• _Task goal_
The copy should hold exactly the lines below from the one that contains "5. ANOVA analysis" through the one that contains "Die Aktion setzt" and nothing else, so no pictures.

(Recorded data)
╔══

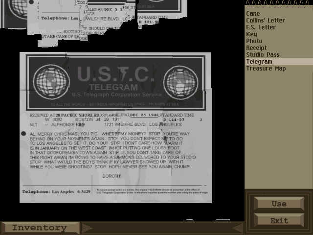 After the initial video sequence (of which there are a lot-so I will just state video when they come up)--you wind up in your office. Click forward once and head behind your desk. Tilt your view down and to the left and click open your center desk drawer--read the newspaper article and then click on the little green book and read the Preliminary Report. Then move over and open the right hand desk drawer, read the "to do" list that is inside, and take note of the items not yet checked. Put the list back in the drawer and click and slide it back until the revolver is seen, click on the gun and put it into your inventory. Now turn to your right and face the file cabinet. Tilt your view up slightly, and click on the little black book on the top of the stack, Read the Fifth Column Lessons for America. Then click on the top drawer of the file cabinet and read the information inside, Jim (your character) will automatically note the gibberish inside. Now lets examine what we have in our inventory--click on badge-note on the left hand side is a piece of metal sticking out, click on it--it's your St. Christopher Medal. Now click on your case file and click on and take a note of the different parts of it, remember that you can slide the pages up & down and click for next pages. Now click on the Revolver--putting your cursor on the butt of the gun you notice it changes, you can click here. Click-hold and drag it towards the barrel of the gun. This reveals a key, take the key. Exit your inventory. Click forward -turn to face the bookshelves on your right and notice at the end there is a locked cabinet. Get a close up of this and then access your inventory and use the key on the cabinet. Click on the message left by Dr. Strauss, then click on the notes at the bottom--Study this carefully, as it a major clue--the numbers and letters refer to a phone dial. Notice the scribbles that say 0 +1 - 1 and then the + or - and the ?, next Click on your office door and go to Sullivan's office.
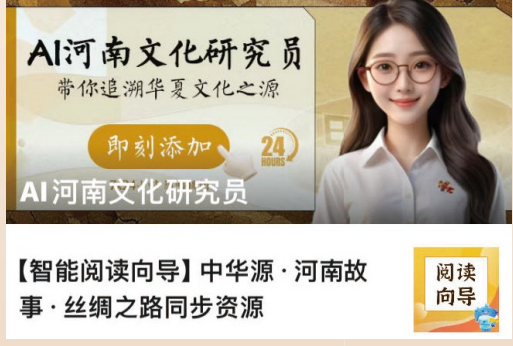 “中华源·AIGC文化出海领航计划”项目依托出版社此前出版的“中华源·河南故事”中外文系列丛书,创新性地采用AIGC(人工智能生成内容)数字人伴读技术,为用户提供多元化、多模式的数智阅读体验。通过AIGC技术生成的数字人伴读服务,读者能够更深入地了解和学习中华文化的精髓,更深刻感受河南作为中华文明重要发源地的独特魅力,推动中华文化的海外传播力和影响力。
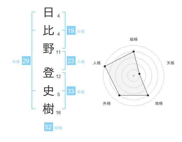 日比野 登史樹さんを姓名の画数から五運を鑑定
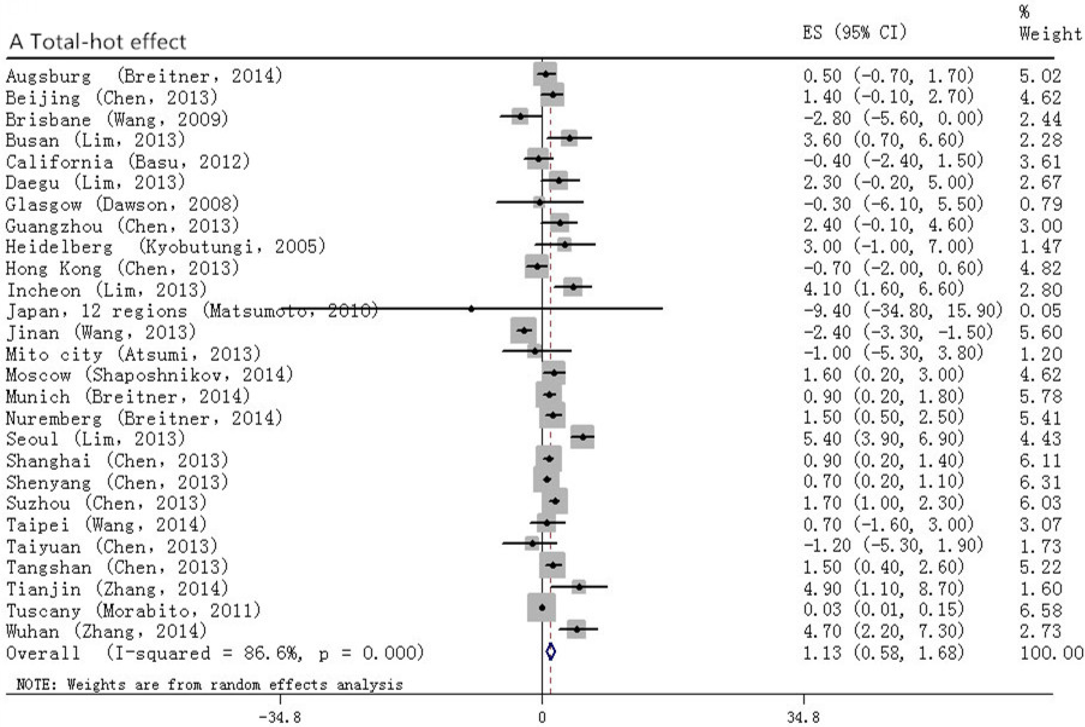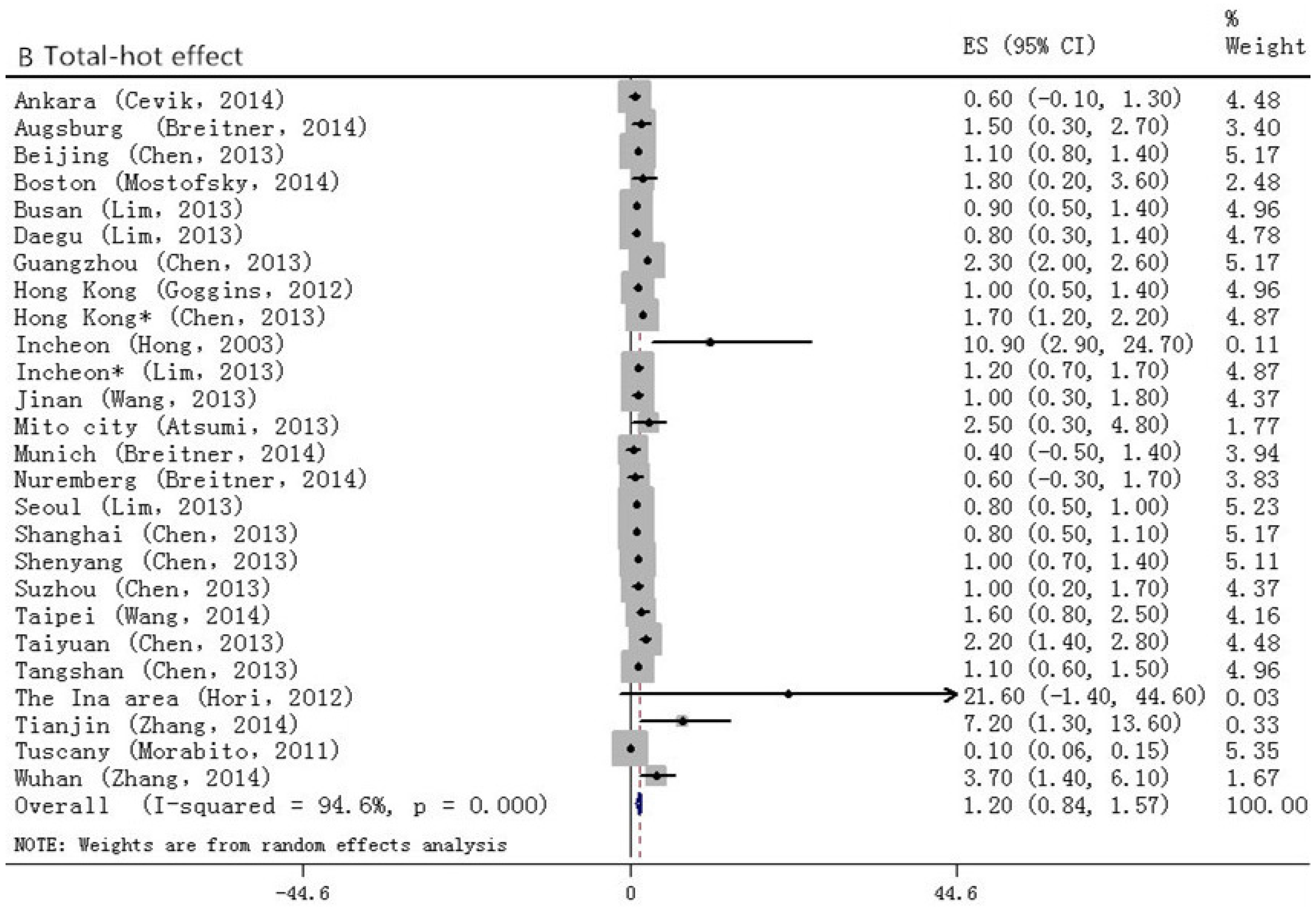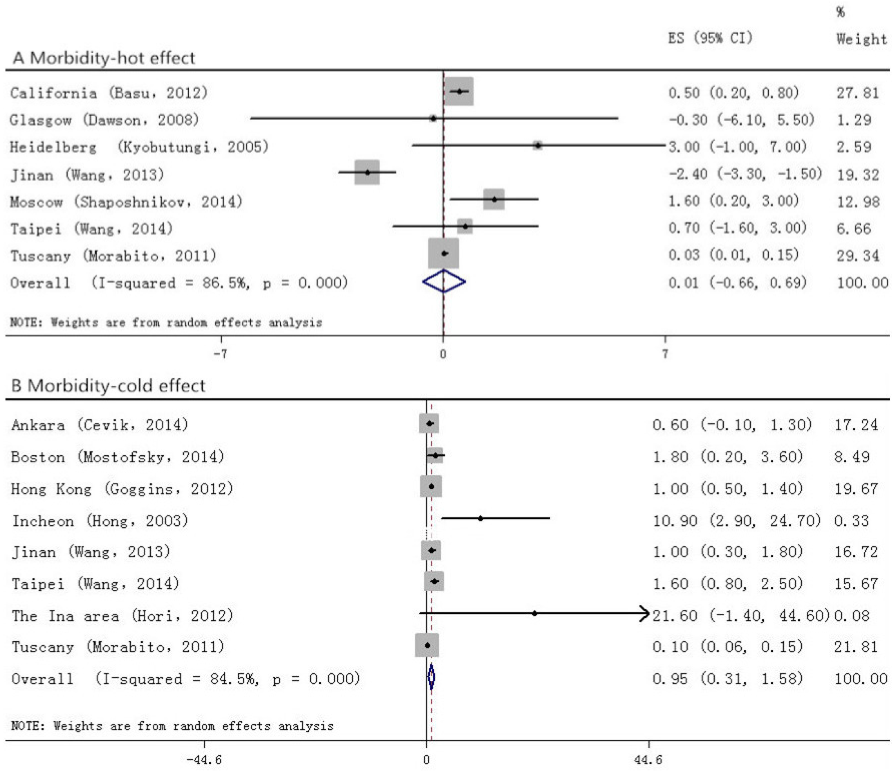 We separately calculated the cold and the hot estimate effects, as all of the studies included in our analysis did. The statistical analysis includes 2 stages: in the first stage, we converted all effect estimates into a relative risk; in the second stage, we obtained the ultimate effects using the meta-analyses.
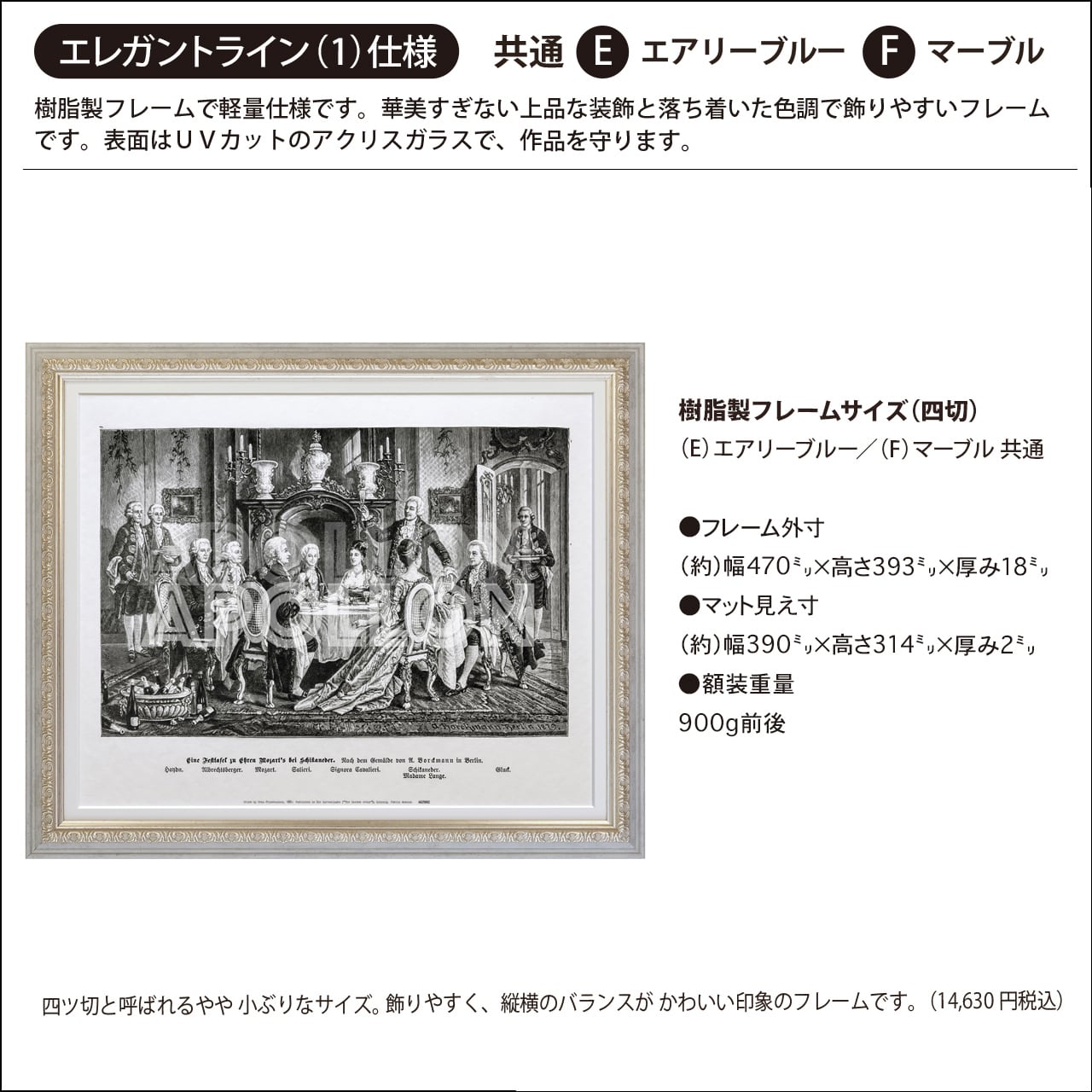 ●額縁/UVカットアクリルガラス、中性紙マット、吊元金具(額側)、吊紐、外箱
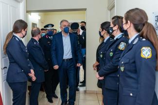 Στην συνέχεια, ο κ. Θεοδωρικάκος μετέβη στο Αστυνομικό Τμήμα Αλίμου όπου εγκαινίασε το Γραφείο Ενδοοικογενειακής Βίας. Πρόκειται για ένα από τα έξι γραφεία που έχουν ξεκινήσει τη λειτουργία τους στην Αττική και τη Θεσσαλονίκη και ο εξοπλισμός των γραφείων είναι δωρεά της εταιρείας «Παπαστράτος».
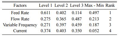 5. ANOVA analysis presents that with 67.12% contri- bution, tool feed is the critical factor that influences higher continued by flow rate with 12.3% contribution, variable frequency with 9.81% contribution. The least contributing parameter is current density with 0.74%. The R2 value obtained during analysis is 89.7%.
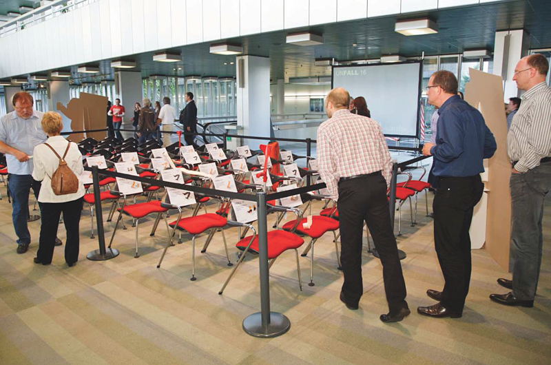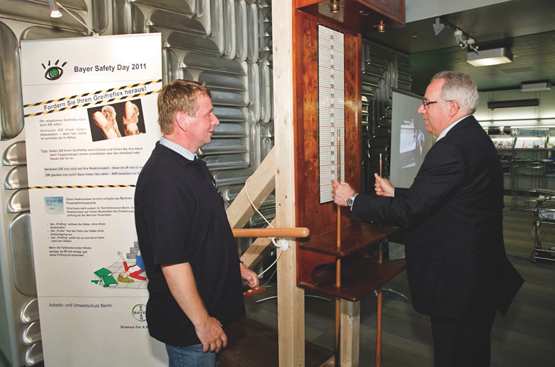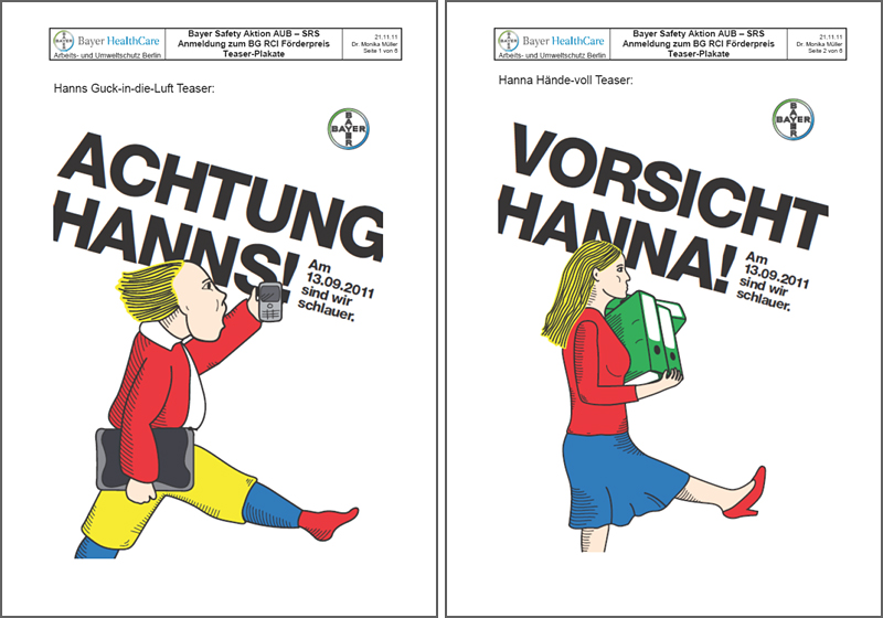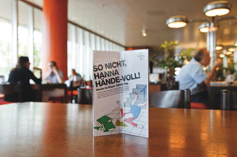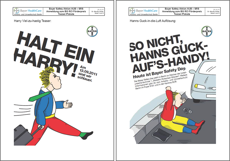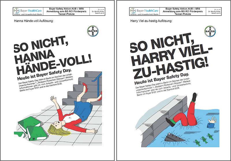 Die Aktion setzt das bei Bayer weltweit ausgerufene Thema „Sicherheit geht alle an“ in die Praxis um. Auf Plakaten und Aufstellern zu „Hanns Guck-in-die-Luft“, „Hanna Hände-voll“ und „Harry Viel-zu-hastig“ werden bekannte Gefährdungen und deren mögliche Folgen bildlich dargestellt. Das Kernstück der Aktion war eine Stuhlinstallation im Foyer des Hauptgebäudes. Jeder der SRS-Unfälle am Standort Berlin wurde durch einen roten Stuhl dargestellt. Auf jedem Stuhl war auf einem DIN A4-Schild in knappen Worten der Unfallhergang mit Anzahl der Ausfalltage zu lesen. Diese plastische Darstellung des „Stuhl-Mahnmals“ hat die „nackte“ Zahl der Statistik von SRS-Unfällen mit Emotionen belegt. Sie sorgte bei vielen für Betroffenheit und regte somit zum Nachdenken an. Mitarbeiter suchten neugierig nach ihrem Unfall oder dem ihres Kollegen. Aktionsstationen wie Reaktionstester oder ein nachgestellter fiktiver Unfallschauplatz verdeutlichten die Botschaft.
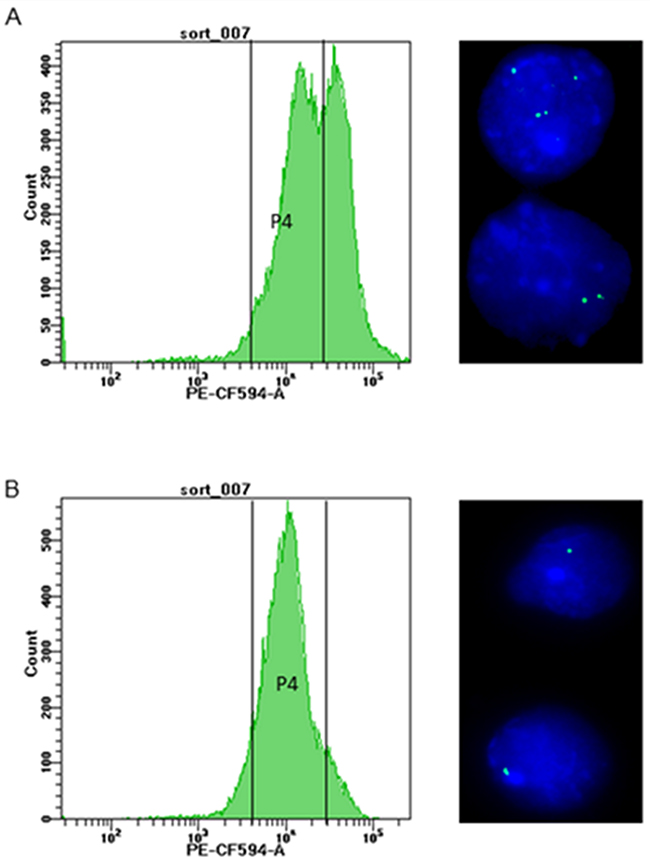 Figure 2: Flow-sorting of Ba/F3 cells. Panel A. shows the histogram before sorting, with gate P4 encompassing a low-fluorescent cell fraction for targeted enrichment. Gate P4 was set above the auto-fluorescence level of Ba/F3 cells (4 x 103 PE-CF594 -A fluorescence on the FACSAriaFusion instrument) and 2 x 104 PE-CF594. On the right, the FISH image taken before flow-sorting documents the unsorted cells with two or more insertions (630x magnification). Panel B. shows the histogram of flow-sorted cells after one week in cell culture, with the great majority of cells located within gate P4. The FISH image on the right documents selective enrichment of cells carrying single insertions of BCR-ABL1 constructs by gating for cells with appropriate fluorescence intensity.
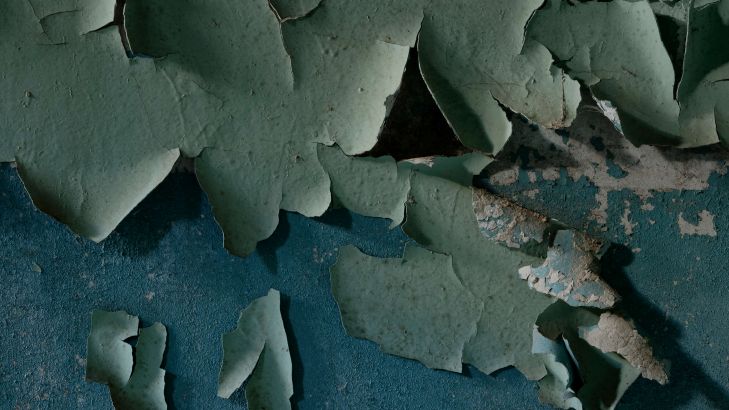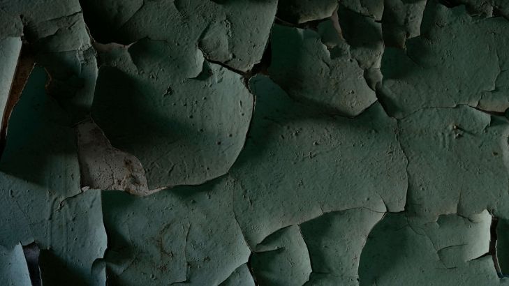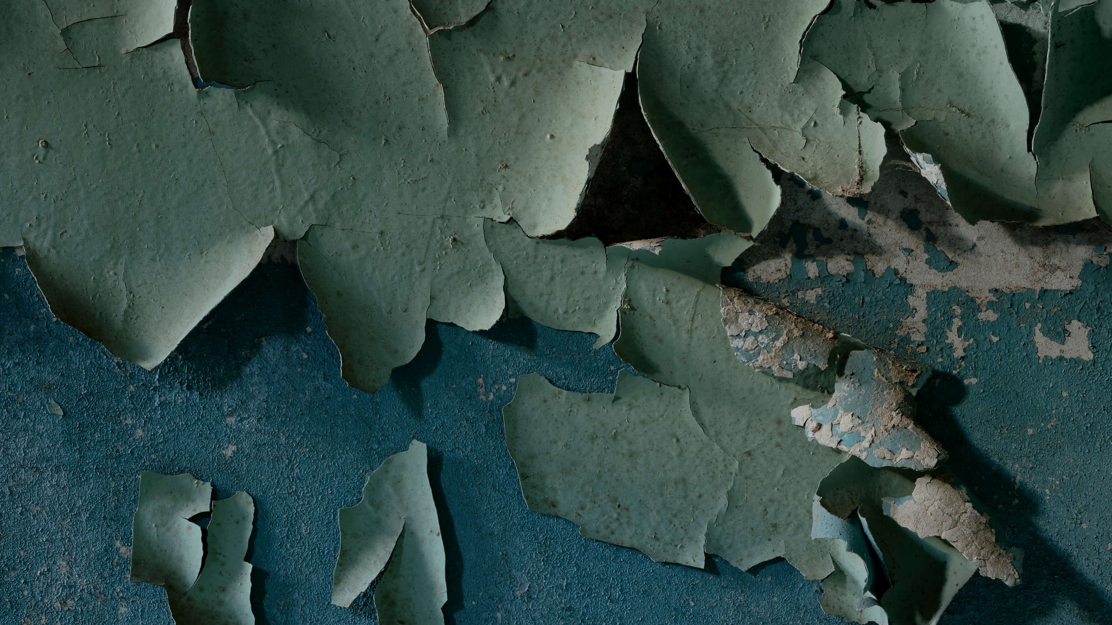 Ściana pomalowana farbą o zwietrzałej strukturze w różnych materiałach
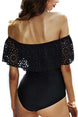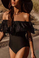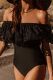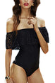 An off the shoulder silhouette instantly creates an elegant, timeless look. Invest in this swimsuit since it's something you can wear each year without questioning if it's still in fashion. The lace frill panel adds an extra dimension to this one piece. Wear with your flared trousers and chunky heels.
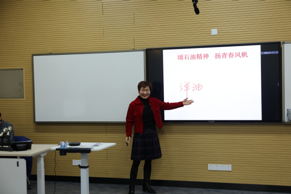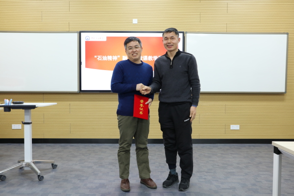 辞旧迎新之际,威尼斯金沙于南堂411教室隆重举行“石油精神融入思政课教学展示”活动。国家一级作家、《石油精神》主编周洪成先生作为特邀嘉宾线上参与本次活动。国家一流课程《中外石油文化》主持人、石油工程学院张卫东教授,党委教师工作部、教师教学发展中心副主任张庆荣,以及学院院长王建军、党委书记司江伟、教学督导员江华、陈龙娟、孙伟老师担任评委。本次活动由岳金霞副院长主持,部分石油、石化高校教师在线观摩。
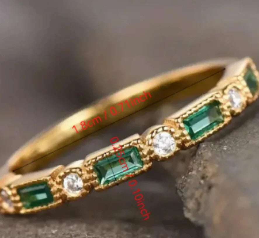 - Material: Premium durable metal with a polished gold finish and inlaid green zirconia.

╚══

• _Exercise answer_
 5. ANOVA analysis presents that with 67.12% contri- bution, tool feed is the critical factor that influences higher continued by flow rate with 12.3% contribution, variable frequency with 9.81% contribution. The least contributing parameter is current density with 0.74%. The R2 value obtained during analysis is 89.7%.
 Die Aktion setzt das bei Bayer weltweit ausgerufene Thema „Sicherheit geht alle an“ in die Praxis um. Auf Plakaten und Aufstellern zu „Hanns Guck-in-die-Luft“, „Hanna Hände-voll“ und „Harry Viel-zu-hastig“ werden bekannte Gefährdungen und deren mögliche Folgen bildlich dargestellt. Das Kernstück der Aktion war eine Stuhlinstallation im Foyer des Hauptgebäudes. Jeder der SRS-Unfälle am Standort Berlin wurde durch einen roten Stuhl dargestellt. Auf jedem Stuhl war auf einem DIN A4-Schild in knappen Worten der Unfallhergang mit Anzahl der Ausfalltage zu lesen. Diese plastische Darstellung des „Stuhl-Mahnmals“ hat die „nackte“ Zahl der Statistik von SRS-Unfällen mit Emotionen belegt. Sie sorgte bei vielen für Betroffenheit und regte somit zum Nachdenken an. Mitarbeiter suchten neugierig nach ihrem Unfall oder dem ihres Kollegen. Aktionsstationen wie Reaktionstester oder ein nachgestellter fiktiver Unfallschauplatz verdeutlichten die Botschaft.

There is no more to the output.